Today, though, the coverage of Biden’s “fumbles” at the NYT seems more straightforward. If that seems curious, especially this close to the midterm election, it did to Power Line’s Steven Hayward too. He sees the beginnings of a new media narrative forming for a post-Red Tsunami election cycle:

Facing an electoral wipeout next week, but seeing the White House circling the wagons already with reasons why the election disaster can’t be blamed on President Biden, the coordinated campaign to force Biden to step aside in 2024 mooted here several months ago appears to be getting an early re-start a week ahead of the election.

Behold the New York Times tonight, channeling Power Line … The New York Times printing a headline like this is a flashing beacon to the rest of the media that they should get ready to produce their own drumbeat of stories on this theme, which isn’t exactly news.

On that theme, Washington Post columnist George Will clears a path as well. Will is of course a staunch conservative columnist and not a news reporter, but the Overton window on Biden’s future is beginning to shift in these legacy-media platforms that have covered for Biden until now. It also moves that Overton window a lot closer to the D-word — dementia — at the WaPo:

Meeting recently with some progressive activists, Biden said his $426 billion student loan forgiveness was accomplished by “a law” that he had “just signed”: “I got it passed by a vote or two.” No. He. Did. Not.

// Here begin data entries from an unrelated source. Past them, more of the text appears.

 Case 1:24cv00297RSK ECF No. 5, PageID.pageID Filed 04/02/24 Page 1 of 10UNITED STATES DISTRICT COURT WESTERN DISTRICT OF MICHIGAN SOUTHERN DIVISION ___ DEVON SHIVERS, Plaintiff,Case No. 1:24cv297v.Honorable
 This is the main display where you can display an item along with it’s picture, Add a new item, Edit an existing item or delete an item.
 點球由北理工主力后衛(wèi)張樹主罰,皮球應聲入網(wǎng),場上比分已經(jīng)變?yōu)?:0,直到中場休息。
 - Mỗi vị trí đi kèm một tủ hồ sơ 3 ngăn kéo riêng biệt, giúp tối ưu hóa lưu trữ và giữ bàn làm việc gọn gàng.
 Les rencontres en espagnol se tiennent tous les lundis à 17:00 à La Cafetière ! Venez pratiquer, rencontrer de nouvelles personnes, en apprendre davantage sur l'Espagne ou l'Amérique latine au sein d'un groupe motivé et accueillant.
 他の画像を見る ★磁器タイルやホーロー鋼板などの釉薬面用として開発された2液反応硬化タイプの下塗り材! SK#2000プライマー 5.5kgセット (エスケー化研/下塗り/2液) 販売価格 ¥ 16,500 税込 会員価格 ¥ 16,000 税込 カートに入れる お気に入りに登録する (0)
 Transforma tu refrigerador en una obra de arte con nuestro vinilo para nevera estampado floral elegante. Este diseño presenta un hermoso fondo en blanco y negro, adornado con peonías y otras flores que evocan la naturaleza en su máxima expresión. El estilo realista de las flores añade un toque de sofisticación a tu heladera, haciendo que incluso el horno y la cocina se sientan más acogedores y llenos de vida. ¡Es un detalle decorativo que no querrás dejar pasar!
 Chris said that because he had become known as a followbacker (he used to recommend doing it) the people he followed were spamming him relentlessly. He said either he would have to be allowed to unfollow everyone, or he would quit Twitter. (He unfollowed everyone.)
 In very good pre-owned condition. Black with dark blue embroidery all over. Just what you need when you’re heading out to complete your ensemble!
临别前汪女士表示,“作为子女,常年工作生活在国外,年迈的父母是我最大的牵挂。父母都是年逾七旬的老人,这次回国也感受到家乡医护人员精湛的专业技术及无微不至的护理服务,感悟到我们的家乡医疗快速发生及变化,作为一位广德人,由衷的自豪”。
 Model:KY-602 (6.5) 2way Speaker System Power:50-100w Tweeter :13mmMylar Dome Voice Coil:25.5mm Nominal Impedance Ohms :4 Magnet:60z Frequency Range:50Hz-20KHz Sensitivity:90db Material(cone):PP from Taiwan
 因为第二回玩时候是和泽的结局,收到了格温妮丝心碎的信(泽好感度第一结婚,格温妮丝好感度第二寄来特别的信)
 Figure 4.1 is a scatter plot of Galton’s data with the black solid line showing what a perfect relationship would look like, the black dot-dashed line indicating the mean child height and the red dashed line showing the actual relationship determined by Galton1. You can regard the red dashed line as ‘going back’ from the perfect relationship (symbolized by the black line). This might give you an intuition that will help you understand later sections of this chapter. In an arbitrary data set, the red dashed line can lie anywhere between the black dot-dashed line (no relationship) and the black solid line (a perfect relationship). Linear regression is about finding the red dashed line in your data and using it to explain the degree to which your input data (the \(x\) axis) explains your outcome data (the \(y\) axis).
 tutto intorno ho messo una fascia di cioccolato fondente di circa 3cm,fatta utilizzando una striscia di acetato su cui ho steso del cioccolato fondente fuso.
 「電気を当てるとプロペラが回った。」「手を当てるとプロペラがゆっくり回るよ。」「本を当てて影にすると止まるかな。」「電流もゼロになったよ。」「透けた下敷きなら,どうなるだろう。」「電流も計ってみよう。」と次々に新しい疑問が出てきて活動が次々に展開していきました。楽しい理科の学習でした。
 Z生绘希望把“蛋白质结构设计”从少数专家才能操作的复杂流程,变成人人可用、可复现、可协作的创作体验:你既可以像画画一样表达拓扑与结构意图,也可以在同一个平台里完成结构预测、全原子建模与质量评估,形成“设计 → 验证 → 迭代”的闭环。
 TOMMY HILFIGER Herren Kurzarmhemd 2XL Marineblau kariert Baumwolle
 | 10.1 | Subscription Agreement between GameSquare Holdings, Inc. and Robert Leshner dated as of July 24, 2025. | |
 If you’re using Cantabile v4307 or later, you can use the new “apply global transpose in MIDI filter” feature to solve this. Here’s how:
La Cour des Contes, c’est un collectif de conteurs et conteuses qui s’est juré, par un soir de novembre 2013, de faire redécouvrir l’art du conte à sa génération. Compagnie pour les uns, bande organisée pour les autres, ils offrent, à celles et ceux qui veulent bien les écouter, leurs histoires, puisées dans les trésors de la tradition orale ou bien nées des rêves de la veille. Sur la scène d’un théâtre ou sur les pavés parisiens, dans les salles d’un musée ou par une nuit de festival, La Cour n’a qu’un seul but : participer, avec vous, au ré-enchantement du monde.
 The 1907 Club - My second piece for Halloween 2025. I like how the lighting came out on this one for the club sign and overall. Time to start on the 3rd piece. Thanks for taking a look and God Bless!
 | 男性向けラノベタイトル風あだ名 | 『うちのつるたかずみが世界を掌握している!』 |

Biden was not merely again embellishing his achievements. This is not just another of his verbal fender benders. There is no less-than-dismaying explanation for his complete confusion. What vote? Who voted? …

It is frightening that Biden does not know, or remember, what he recently did regarding an immensely important policy. He must be presumed susceptible to future episodes of similar bewilderment. He should leave the public stage on Jan. 20, 2025.

So should his vice president. Thomas R. Marshall, Woodrow Wilson’s vice president, joked, “Once there were two brothers. One ran away to sea; the other was elected vice president of the United States. And nothing was heard of either of them again.” Kamala Harris has been heard from, sufficiently. …

Regarding Biden and Harris, the national Democratic Party faces two tests of stewardship: Its imprimatur cannot again be bestowed on either of them. Biden is not just past his prime; even adequacy is in his past. And this is Harris’s prime.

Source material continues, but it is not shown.